“SANSÜR YASASI” OLARAK GÜNDEMDE YER ALAN BASIN KANUNU DEĞİŞİKLİKLERİ

YAYINLAMA: 12 Ekim 2022 / 13.34 | GÜNCELLEME: 12 Ekim 2022 / 13.34

Toplumun her bireyinin düşüncesini özgürce ifade etme hakkı Anayasa ile düzenlendiği gibi, bireylerin, yaşamını etkileyen olaylar hakkında yorumlarda bulunmak da düşünce özgürlüğüne dayanır. Bununla birlikte, günlük yaşamda olan olaylardan da haberdar olmak isterler ve basın organları ise, bu yönüyle hayatımızda çok büyük öneme sahiptir. Tarihten bu yana gelen gazeteler, haber kanalları gibi toplumu yaşanılan olaylar hakkında bilgilendiren organlar, olayları özgürce topluma aktarabilmelidir. 

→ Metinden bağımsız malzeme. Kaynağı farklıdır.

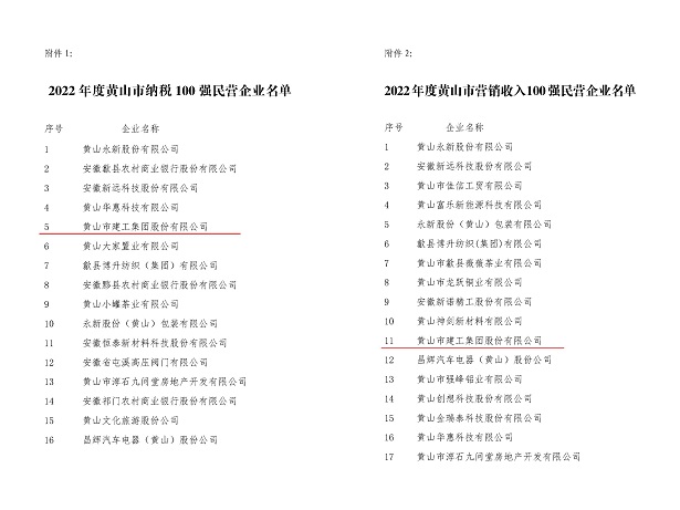 日前,由黃山市工商聯(lián)、市經(jīng)信局、市監(jiān)管局及市商務(wù)局聯(lián)合發(fā)布2022年度黃山市民營(yíng)企業(yè)納稅及營(yíng)銷收入百?gòu)?qiáng)名單公布,黃山建工集團(tuán)連續(xù)多年再次實(shí)力入圍,獲此殊榮!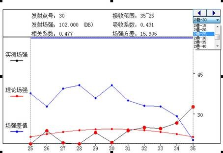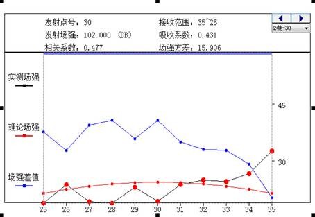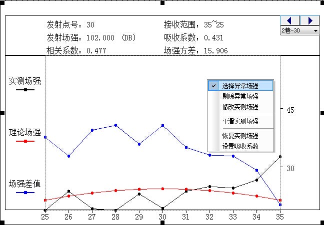 鼠标左键不放选中异常场强点25~30#点,黑色实测场强曲线中的点变为红色大点,如下图:
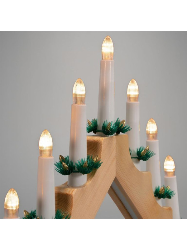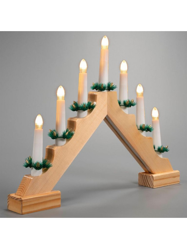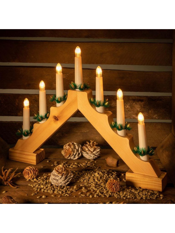 Tento klasický svetelný ihlan z prírodného dreva, ktorý je vybavený 7 teplými bielymi LED diódami, vytvára vo Vašom byte vianočnú atmosféru a slávnostne ozdobí Vaše okno. Vďaka prevádzke na batérie ste nezávislí na zásuvkách a môžete svietnik umiestniť kamkoľvek. Nízka spotreba energie vďaka technológii LED. Svietnik má integrovaný praktický časovač.
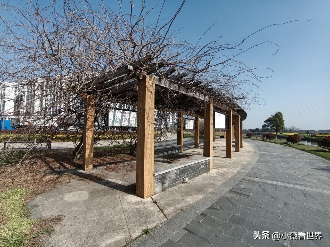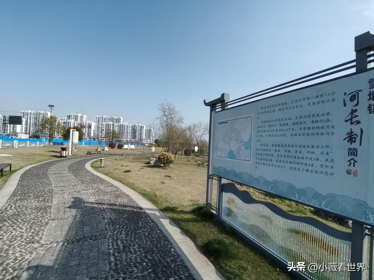 这一条绿化大道,在一条笔直向前的大河边,大大方便了附近的人来这里休闲散步。 太羡慕常州太湖湾佳源广场附近的人了!因为这条沿河的徒步大道,一路花草映衬,真的让人很是赏心悦目。 这个新开辟出来的地方叫河长制主题公园。每隔一段都有凳子供大家坐下休息。 图6图8这里,都是介绍本地历朝历代那些考上功名的优秀人物介绍,让人不自觉中可以增加见识。 而实行河长制,目的还是防止污染,加强管理,让绿水更清,让家乡更美。 我们走在这里,满眼有欣喜,满心是自豪。家乡在变,相信它会越来越美,越来越好的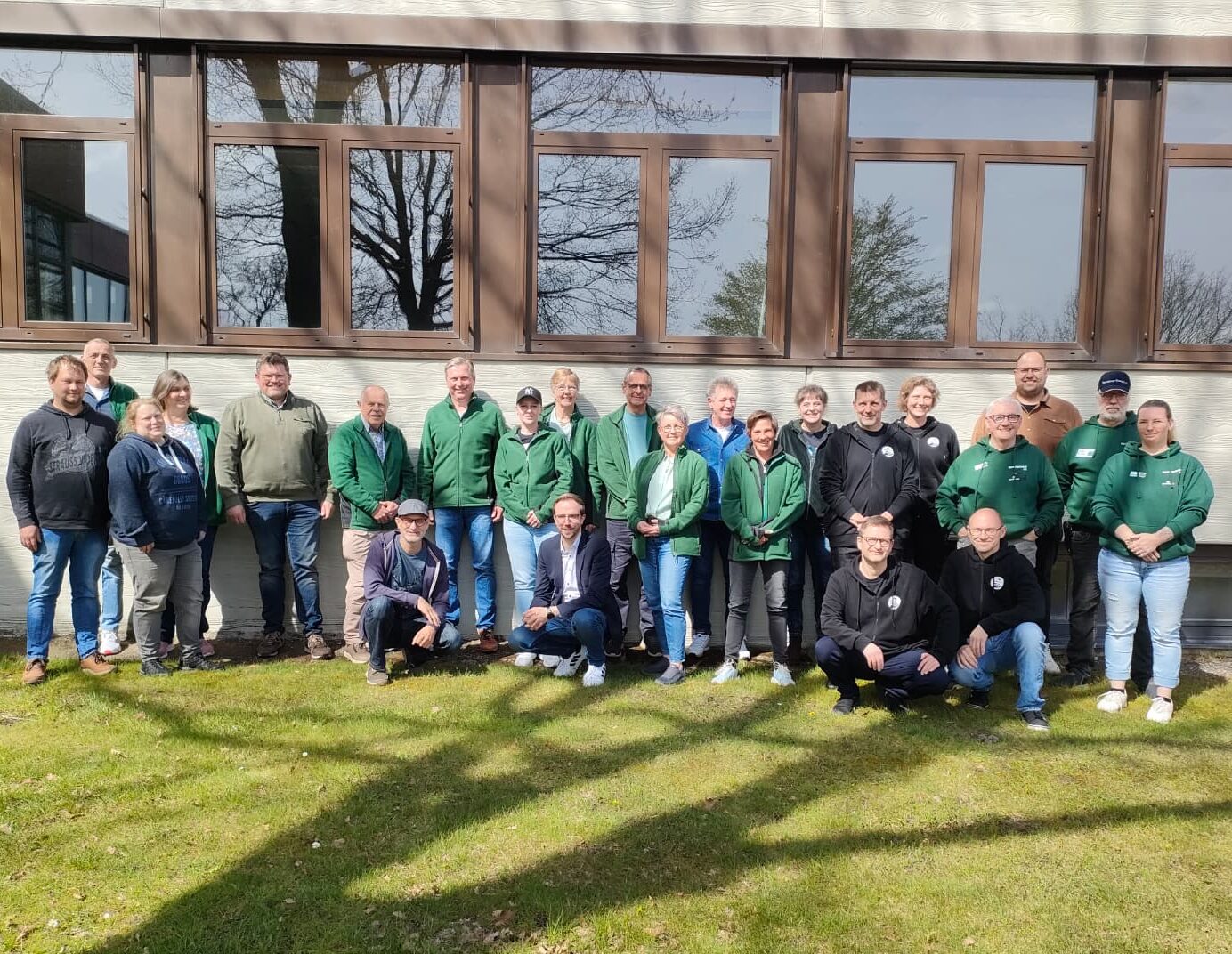 Gemeinsam stark für den Tierschutz: Das Gruppenfoto zeigt die Teilnehmer des 1. überregionalen Rehkitz- und Wildtierretter-Treffens vor der IGS Moormerland. Unter den Anwesenden begrüßte der erste Vorsitzende der Rehkitzrettung Moormerland e.V., Jens Krause (Mitte), auch den Schirmherrn und Bürgermeister Hendrik Schulz, die zusammen mit den vielen Ehrenamtlichen den Erfolg dieser Vernetzungsveranstaltung feierten.

Söz konusu aktarımlar ancak, toplum ahlakı, düzeni ve birliği hakkında herhangi bir tehdidin varlığı halinde sınırlandırılabilmelidir. Bu hususta tabi oldukları bir Basın Kanunu mevcuttur. Kanunların amacı bir düzenin sağlanması olduğu gibi her kanun özü itibariyle Anayasa’ya aykırılık teşkil etmemelidir ve sosyal hukuk düzenine uygulanabilir de olmalıdır. Aksi halde çıkarılan kanunlar yalnızca metin üzerinde kalmaktan öteye gidemeyecektir.

Bu şekilde, Basın Kanunu’nda yapılmak istenen ve mecliste görüşülen değişiklikler incelendiğinde karşımıza neler çıkacağı konusunu değerlendirmek gerekirse;

Öncelikle yapılan ilk iki değişiklik bakımından, internet haber sitelerine yönelik olan değişiklikler, internet ve sosyal medyanın hayatımızda çok büyük bir yer kaplaması ve artık eski usul haberleşme kanallarının önüne geçtiğini ve insanların gündemi yoğun bir şekilde takip ettiği bu kanalların da düzenleme içerisine alınmasına yönelik olduğunu ve düzenin sağlanmasının gerekliliği bakımından yerinde olabilecek bir değişiklik olarak yorumlanabilir.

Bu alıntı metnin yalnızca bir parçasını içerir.